# Exercise instructions
Lines outside the range are not wanted. Give again exactly the lines between the line holding "ash grey crewneck" and the line holding "Металлическое основание потолочной", inclusive, from the listing below.
-------- Input data
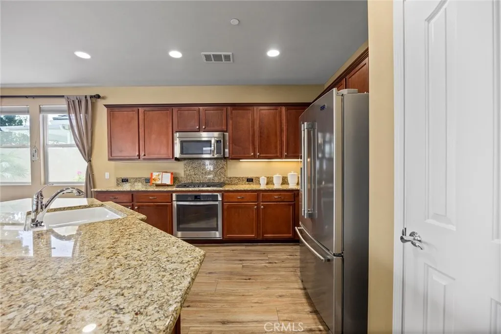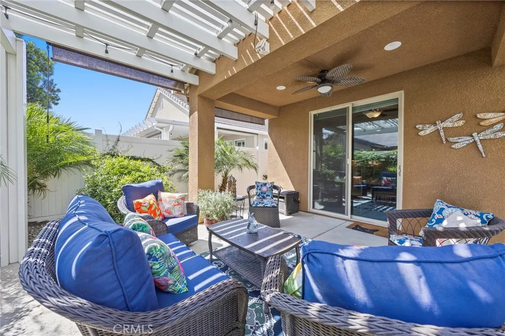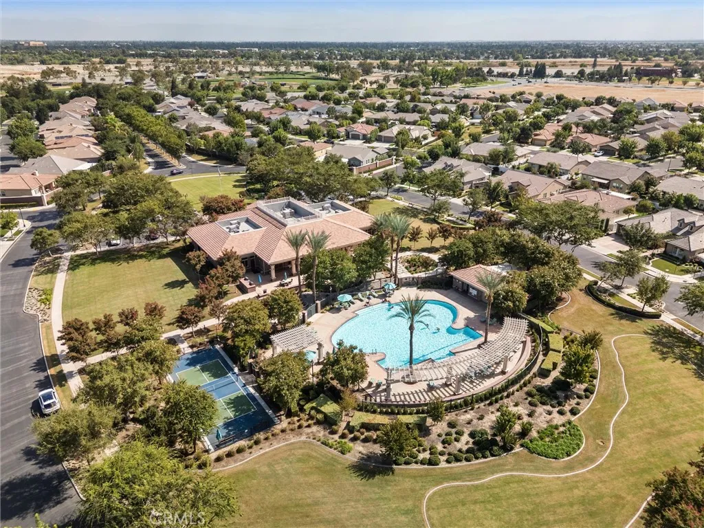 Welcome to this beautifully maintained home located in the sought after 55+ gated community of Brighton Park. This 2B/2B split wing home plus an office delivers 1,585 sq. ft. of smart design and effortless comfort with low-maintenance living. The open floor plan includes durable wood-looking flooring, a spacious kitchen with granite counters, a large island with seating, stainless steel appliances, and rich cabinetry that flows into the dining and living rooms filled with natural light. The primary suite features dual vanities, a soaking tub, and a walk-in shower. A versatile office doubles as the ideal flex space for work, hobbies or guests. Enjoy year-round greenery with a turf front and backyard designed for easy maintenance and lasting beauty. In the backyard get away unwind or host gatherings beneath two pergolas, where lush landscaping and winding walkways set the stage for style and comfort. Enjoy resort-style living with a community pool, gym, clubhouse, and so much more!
----------------
-------- Input data
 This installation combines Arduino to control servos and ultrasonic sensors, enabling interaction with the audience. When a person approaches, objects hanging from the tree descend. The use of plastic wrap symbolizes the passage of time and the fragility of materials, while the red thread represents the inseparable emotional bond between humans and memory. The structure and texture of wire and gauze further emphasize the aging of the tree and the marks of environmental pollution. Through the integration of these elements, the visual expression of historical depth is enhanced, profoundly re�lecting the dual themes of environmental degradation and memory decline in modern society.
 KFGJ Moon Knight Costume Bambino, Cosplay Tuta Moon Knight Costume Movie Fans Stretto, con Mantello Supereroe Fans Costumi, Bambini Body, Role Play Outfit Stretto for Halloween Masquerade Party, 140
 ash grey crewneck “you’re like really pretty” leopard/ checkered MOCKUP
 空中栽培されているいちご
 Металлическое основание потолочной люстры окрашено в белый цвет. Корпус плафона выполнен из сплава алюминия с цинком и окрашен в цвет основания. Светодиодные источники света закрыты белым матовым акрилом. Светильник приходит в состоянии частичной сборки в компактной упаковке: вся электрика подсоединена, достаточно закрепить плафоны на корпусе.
----------------
-------- Input data
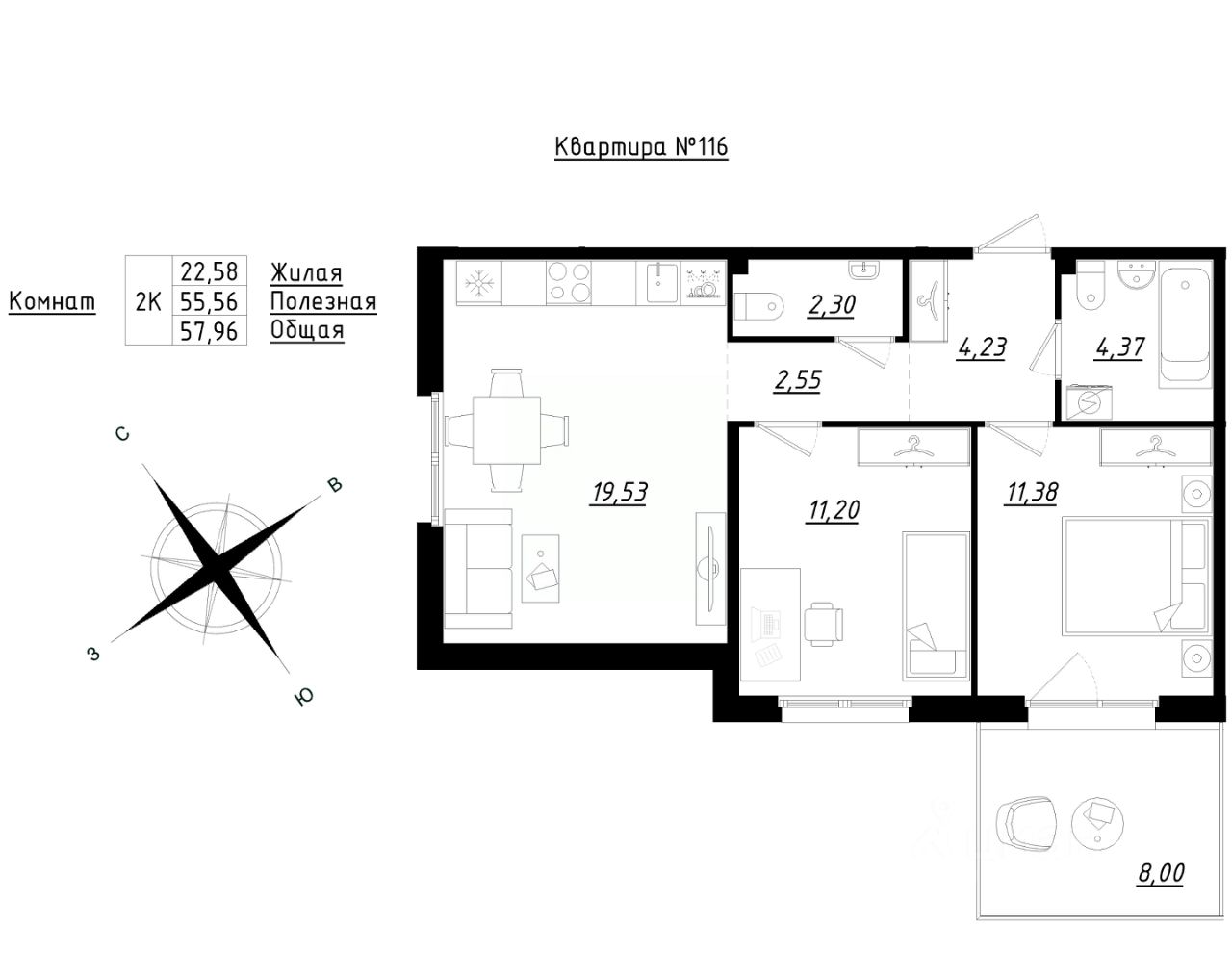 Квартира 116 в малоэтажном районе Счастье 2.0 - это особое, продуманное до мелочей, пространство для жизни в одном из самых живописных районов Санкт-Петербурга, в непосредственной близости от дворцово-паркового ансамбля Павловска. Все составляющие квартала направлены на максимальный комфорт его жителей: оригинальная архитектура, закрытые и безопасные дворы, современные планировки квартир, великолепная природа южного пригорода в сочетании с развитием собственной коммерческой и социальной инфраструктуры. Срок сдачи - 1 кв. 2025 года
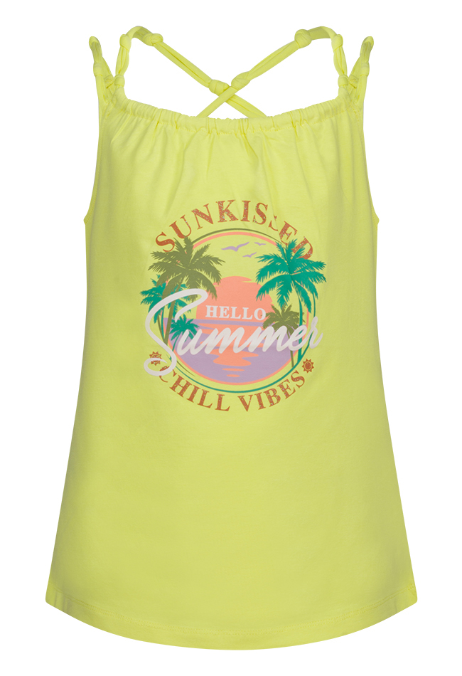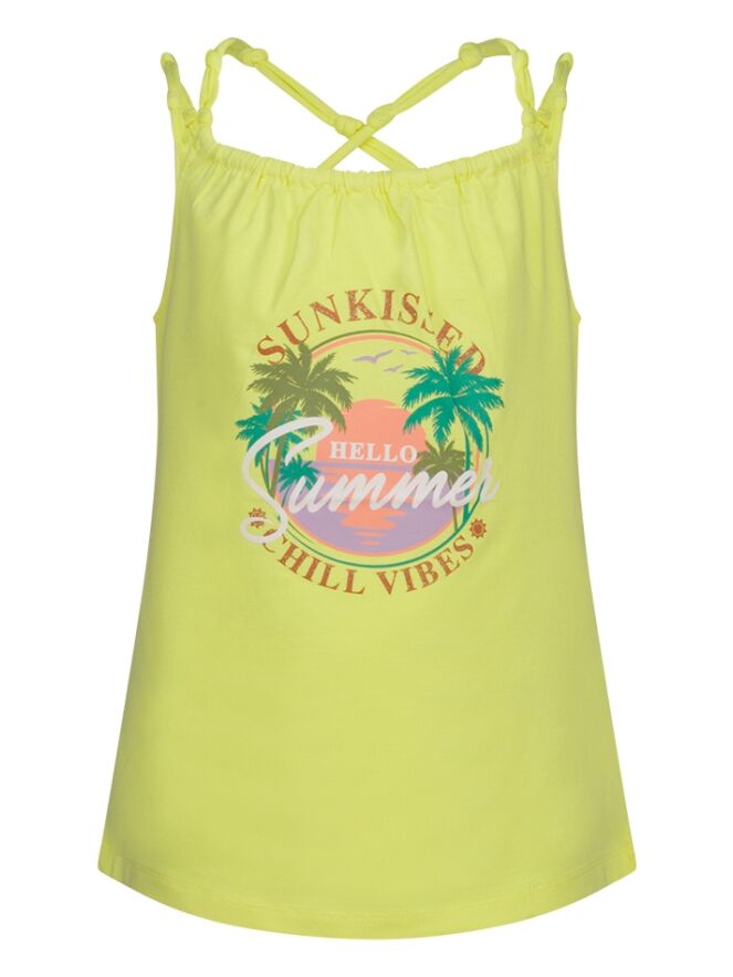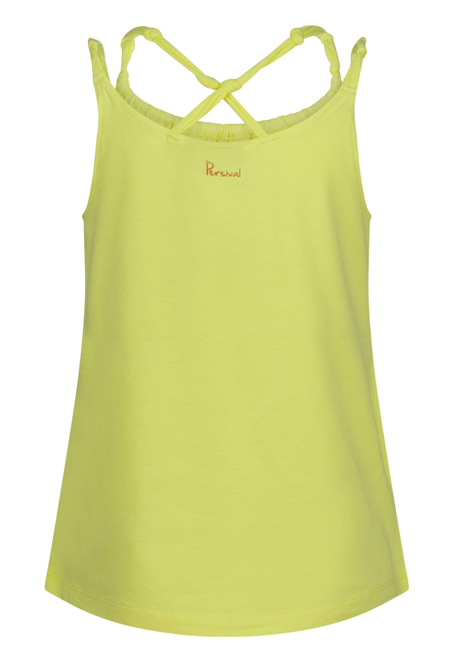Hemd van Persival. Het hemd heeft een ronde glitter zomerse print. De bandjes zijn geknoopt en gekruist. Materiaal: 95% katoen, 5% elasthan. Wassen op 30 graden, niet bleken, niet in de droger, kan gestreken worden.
----------------
# Result below
 ash grey crewneck “you’re like really pretty” leopard/ checkered MOCKUP
 空中栽培されているいちご
 Металлическое основание потолочной люстры окрашено в белый цвет. Корпус плафона выполнен из сплава алюминия с цинком и окрашен в цвет основания. Светодиодные источники света закрыты белым матовым акрилом. Светильник приходит в состоянии частичной сборки в компактной упаковке: вся электрика подсоединена, достаточно закрепить плафоны на корпусе.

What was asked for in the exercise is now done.